[Start of section]
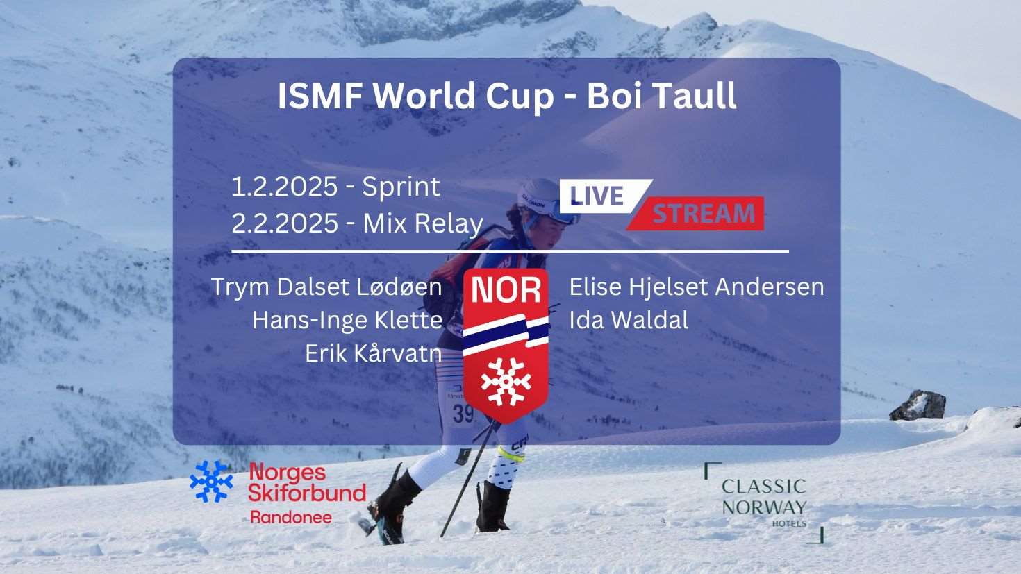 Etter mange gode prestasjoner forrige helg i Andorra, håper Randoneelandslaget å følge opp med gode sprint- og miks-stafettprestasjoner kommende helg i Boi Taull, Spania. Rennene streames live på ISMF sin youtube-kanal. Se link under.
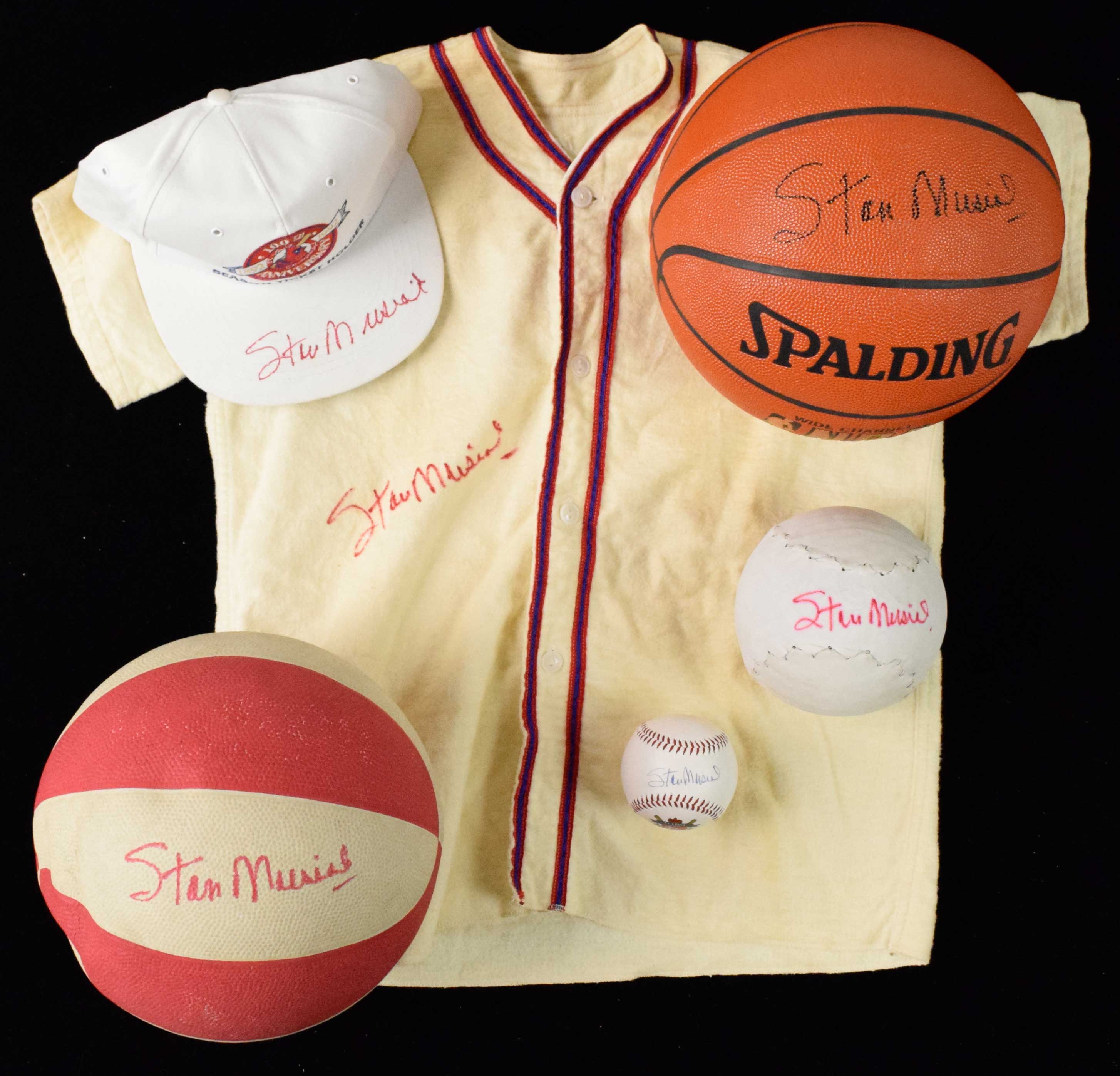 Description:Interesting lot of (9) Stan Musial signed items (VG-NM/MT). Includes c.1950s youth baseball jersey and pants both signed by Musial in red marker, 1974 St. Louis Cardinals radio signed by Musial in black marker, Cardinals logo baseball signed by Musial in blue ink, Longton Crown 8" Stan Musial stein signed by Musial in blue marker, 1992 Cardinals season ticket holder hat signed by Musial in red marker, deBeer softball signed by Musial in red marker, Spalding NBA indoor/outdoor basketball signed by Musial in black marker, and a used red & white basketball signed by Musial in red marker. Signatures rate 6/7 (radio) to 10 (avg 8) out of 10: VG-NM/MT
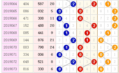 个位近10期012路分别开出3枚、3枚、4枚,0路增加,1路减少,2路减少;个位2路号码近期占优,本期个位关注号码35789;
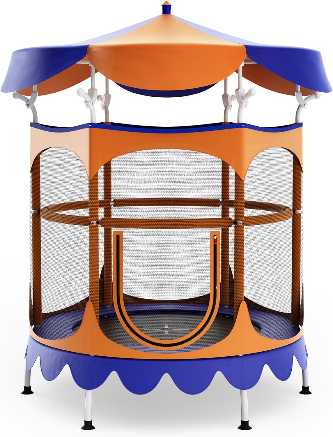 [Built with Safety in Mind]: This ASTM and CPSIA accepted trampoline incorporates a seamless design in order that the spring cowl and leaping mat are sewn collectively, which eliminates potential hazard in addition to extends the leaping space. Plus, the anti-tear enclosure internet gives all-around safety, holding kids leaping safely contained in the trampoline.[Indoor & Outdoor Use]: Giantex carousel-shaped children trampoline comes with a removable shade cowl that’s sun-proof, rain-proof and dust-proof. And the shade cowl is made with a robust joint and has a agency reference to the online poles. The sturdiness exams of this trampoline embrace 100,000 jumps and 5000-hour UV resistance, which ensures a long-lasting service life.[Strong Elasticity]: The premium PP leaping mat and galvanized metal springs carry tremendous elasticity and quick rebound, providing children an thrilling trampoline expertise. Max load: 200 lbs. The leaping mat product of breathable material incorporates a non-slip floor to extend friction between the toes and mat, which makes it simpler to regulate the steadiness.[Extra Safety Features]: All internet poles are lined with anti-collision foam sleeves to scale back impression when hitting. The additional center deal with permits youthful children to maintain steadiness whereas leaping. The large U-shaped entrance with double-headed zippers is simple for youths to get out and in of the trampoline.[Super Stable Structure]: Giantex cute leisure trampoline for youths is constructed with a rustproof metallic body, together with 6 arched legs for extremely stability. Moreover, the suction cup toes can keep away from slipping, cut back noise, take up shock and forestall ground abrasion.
[End of section]
__What is required__
I would like the data copied exactly as it stands, with no pictures included.

__Solution to this problem__
 Etter mange gode prestasjoner forrige helg i Andorra, håper Randoneelandslaget å følge opp med gode sprint- og miks-stafettprestasjoner kommende helg i Boi Taull, Spania. Rennene streames live på ISMF sin youtube-kanal. Se link under.
 Description:Interesting lot of (9) Stan Musial signed items (VG-NM/MT). Includes c.1950s youth baseball jersey and pants both signed by Musial in red marker, 1974 St. Louis Cardinals radio signed by Musial in black marker, Cardinals logo baseball signed by Musial in blue ink, Longton Crown 8" Stan Musial stein signed by Musial in blue marker, 1992 Cardinals season ticket holder hat signed by Musial in red marker, deBeer softball signed by Musial in red marker, Spalding NBA indoor/outdoor basketball signed by Musial in black marker, and a used red & white basketball signed by Musial in red marker. Signatures rate 6/7 (radio) to 10 (avg 8) out of 10: VG-NM/MT
 个位近10期012路分别开出3枚、3枚、4枚,0路增加,1路减少,2路减少;个位2路号码近期占优,本期个位关注号码35789;
 [Built with Safety in Mind]: This ASTM and CPSIA accepted trampoline incorporates a seamless design in order that the spring cowl and leaping mat are sewn collectively, which eliminates potential hazard in addition to extends the leaping space. Plus, the anti-tear enclosure internet gives all-around safety, holding kids leaping safely contained in the trampoline.[Indoor & Outdoor Use]: Giantex carousel-shaped children trampoline comes with a removable shade cowl that’s sun-proof, rain-proof and dust-proof. And the shade cowl is made with a robust joint and has a agency reference to the online poles. The sturdiness exams of this trampoline embrace 100,000 jumps and 5000-hour UV resistance, which ensures a long-lasting service life.[Strong Elasticity]: The premium PP leaping mat and galvanized metal springs carry tremendous elasticity and quick rebound, providing children an thrilling trampoline expertise. Max load: 200 lbs. The leaping mat product of breathable material incorporates a non-slip floor to extend friction between the toes and mat, which makes it simpler to regulate the steadiness.[Extra Safety Features]: All internet poles are lined with anti-collision foam sleeves to scale back impression when hitting. The additional center deal with permits youthful children to maintain steadiness whereas leaping. The large U-shaped entrance with double-headed zippers is simple for youths to get out and in of the trampoline.[Super Stable Structure]: Giantex cute leisure trampoline for youths is constructed with a rustproof metallic body, together with 6 arched legs for extremely stability. Moreover, the suction cup toes can keep away from slipping, cut back noise, take up shock and forestall ground abrasion.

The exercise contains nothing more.